Mine leaked also around the seal. I took the lid off and sprayed Pam cooking spray on the top lip of the bucket. I then took a caulk gun and loaded it with 100% silicone caulking and liberally gooked, coated, smeared the entire *seal *and lip area on the underside of the lid. Reinstall the lid back on the bucket and snugged it down. With a wet soapy finger I kinda cleaned up the outside to make it somewhat presentable and then let it completely cure. A few days. I made a registration mark on the new "gasket" and on the lid. Opened it up and tried it out. No leaks. But now I also crank it down when closing and tie a quick rope around the lockdown before pressure goes in. Just in case

Reactions: Informative 2


----------



## Tony (Nov 27, 2020)

The100road said:


> @Tony I’ve had good luck finding used paint tanks on offerup or craigslist. It’s crazy how much they range in price. Sometimes they want $20 and sometimes they want $300. I’ve gotten 3 now for about $40 each. just make sure the seal is good and you can buy all the gauges and fittings pretty cheap at the local hardware store. Mine are rated 80psi but 60psi would work fine as well.


Do I just need to see of the gasket is cracked or anything? Is there another way to know other than visually if they are bad Stan?


----------



## Nubsnstubs (Nov 27, 2020)

Tony, gaskets should not be a problem. I was told that Grainger weren't going to sell the gaskets I need so I bought 4 back in 2003, and still have 2 at this point. 

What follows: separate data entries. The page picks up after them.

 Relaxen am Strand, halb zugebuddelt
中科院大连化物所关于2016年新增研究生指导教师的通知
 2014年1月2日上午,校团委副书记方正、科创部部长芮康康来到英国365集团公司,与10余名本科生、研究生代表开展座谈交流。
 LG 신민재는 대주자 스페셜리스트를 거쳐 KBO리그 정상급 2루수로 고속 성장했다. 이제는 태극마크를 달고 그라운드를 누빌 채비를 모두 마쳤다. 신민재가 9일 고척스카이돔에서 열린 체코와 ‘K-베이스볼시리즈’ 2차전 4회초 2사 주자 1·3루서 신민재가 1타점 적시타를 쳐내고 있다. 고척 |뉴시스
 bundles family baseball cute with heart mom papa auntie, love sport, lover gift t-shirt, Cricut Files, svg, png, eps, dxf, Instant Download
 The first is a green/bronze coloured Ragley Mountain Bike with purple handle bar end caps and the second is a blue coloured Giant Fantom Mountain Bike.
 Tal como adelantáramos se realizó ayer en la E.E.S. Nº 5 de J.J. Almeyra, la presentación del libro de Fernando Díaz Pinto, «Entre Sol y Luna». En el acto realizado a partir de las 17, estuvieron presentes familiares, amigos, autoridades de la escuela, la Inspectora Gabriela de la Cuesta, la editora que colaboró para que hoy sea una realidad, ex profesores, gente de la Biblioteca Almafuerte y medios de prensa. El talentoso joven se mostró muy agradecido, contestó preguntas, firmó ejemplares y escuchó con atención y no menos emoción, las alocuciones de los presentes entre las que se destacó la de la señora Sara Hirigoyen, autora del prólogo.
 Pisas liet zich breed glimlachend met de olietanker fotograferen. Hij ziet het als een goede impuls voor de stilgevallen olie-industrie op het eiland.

Something else to consider is, San Antonio is larger than Tucson. You should not have any problems finding an outlet that sells gaskets. If they do not stock your gasket, they certainly have gasket sheet goods that you can buy and make your own gasket. All you need is a lathe that's swing is larger than the OD of the tank you need a gasket for, some double sided tape, a piece of MDF large enough to tape the gasket material to, and the gasket material. A sharp skew is a must. With the gasket material mounted onto the MDF, MDF mounted onto the lathe, sharp skew in hand, turn on the lathe and cut OD with the point down in a vertical position. When that is cut, go to the inside mark, and cut it. It could be a 1/4" wide ring, or a 1/2" ring. The only thing that matters here is that you have that ring well secured to the tape. 

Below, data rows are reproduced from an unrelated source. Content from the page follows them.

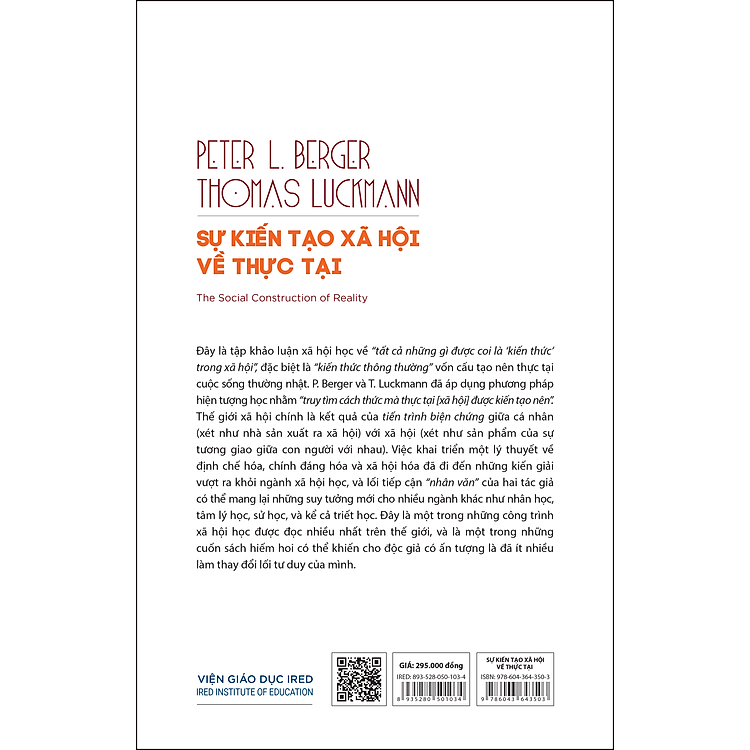 SỰ KIẾN TẠO XÃ HỘI VỀ THỰC TẠI (The Social Construction of Reality) – (bìa mềm) – Giá bìa: 295.000đ
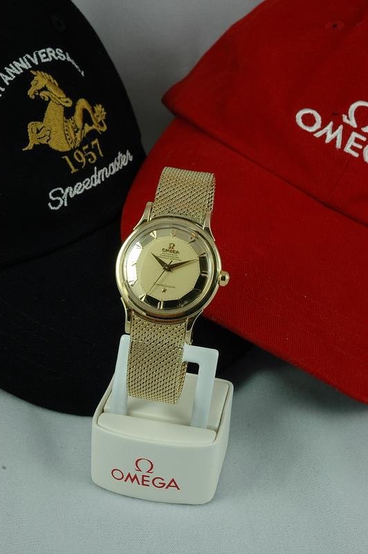 1956 Omega Constellation De Luxe OT 2799 auto, 18kYG/18kYG mesh, mirrored gold/sterling box (354)
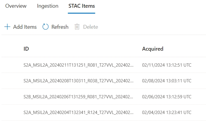 When the ingestion run is complete, the STAC items tab in your collection displays your list of STAC items that have been ingested, with columns for the item ID and acquisition date.

I've made a couple pressure tanks for myself, and since there were no readily available gaskets, I had to make my own. It's a piece of cake. Even you could do it.  

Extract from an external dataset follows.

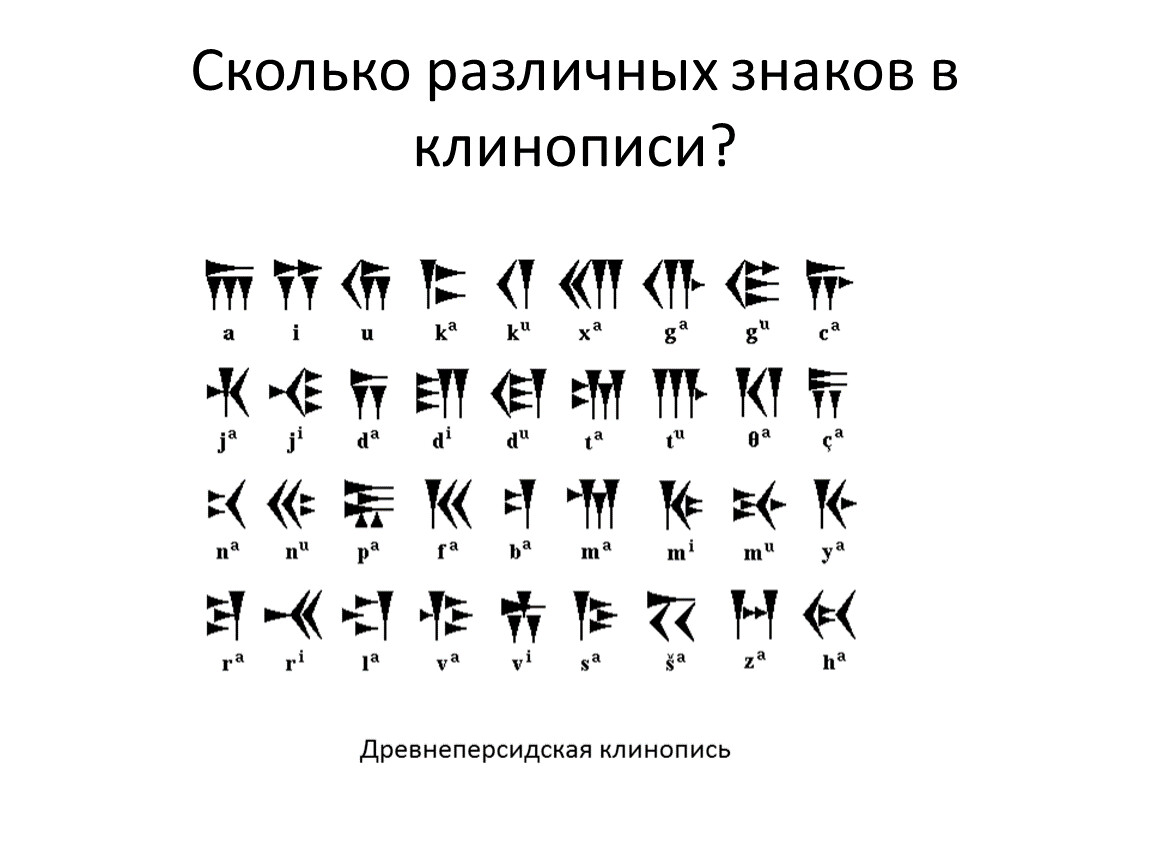 Состав клинописи насчитывает 300 - 900 знаков для слоговой и идеографической систем общения; порядка 30 букв для фонетической адаптации на восточном побережье Средиземного моря; 36 букв для старо-персидского слогового алфавита.

If you think you want to see a picture or 2, I can do that........Jerry (in Tucson)

Reactions: Thank You! 1 | +Karma 1


----------



## Tony (Nov 27, 2020)

Nubsnstubs said:


> Tony, gaskets should not be a problem. I was told that Grainger weren't going to sell the gaskets I need so I bought 4 back in 2003, and still have 2 at this point.
> 
> Something else to consider is, San Antonio is larger than Tucson. You should not have any problems finding an outlet that sells gaskets. If they do not stock your gasket, they certainly have gasket sheet goods that you can buy and make your own gasket. All you need is a lathe that's swing is larger than the OD of the tank you need a gasket for, some double sided tape, a piece of MDF large enough to tape the gasket material to, and the gasket material. A sharp skew is a must. With the gasket material mounted onto the MDF, MDF mounted onto the lathe, sharp skew in hand, turn on the lathe and cut OD with the point down in a vertical position. When that is cut, go to the inside mark, and cut it. It could be a 1/4" wide ring, or a 1/2" ring. The only thing that matters here is that you have that ring well secured to the tape.
> 
> ...



Thanks Jerry! I may very well call you and pick your brain at some point when I find one.


----------



## Nubsnstubs (Nov 27, 2020)

Tony said:


> Thanks Jerry! I may very well call you and pick your brain at some point when I find one.


If and when you start picking, bring a pint jar instead of a gallon jug. There's not much left.............. Jerry (in Tucson)

Reactions: Funny 3


----------